*** Supplied information Section Begins ***
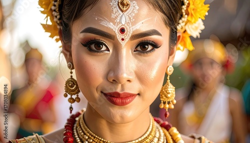 Close up Portrait of Smiling Woman with Intricate Face Paint and Traditional Yellow Floral Hairpiece in Blurred Background
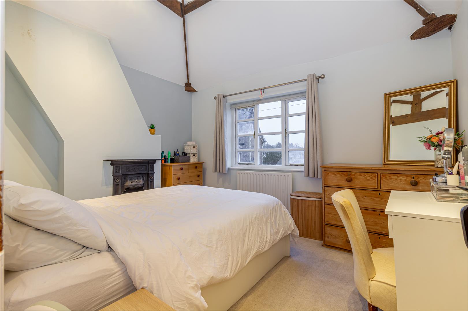 Bedroom Two - Window to the front aspect. Feature fireplace and vaulted ceiling with beam work. Wooden flooring.
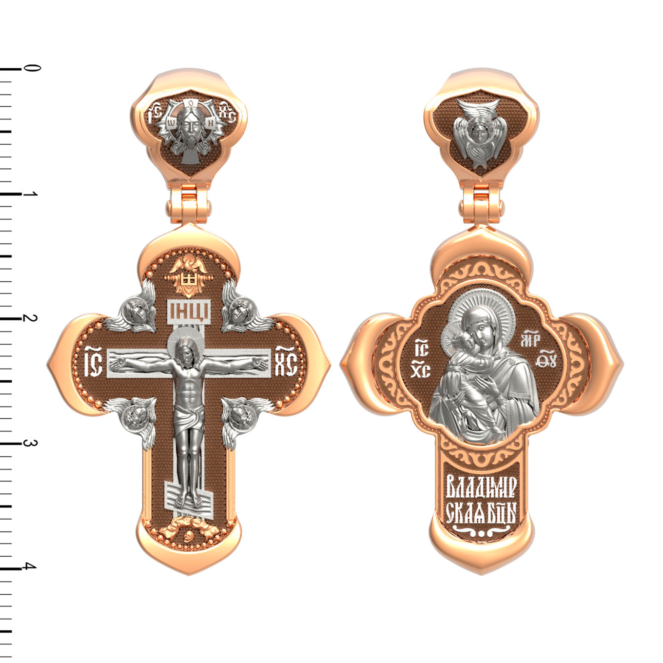 На лицевой стороне креста изображено Распятие Господа и Спасителя нашего Иисуса Христа, отдавшего Себя на смерть, для искупления грехов мира. Крест является символом жертвенной любви Всеблагого Бога к падшим людям, всепобеждающим духовным оружием христиан, основанием и средоточием церковной жизни. Господь сказал: «кто хочет идти за Мною, отвергнись себя, и возьми крест свой, и следуй за Мною». (Мк. 8: 34). На верхней табличке, выше головы Иисуса, расположена надпись, составленная Понтием Пилатом — «IНЦI». Она означает «Иисус Назорей, Царь Иудейский». Надпись «IC» «ХC», означает Иисус Христос, помещается на разных сторонах поперечной перекладины креста. Крест стоит на горе камней, символизирующих Голгофу. В ее основании различается череп– это голова Адама. На кулонном кольце изображен Нерукотворный образ Господа и Спасителя нашего Иисуса Христа, чудесно отпечатавшийся на плате, которым Христос вытер свой лик.
*** Supplied information Section Ends ***
*Work required:*
Copy the data above line for line, skipping every picture.

*Worked solution:*
 Close up Portrait of Smiling Woman with Intricate Face Paint and Traditional Yellow Floral Hairpiece in Blurred Background
 Bedroom Two - Window to the front aspect. Feature fireplace and vaulted ceiling with beam work. Wooden flooring.
 На лицевой стороне креста изображено Распятие Господа и Спасителя нашего Иисуса Христа, отдавшего Себя на смерть, для искупления грехов мира. Крест является символом жертвенной любви Всеблагого Бога к падшим людям, всепобеждающим духовным оружием христиан, основанием и средоточием церковной жизни. Господь сказал: «кто хочет идти за Мною, отвергнись себя, и возьми крест свой, и следуй за Мною». (Мк. 8: 34). На верхней табличке, выше головы Иисуса, расположена надпись, составленная Понтием Пилатом — «IНЦI». Она означает «Иисус Назорей, Царь Иудейский». Надпись «IC» «ХC», означает Иисус Христос, помещается на разных сторонах поперечной перекладины креста. Крест стоит на горе камней, символизирующих Голгофу. В ее основании различается череп– это голова Адама. На кулонном кольце изображен Нерукотворный образ Господа и Спасителя нашего Иисуса Христа, чудесно отпечатавшийся на плате, которым Христос вытер свой лик.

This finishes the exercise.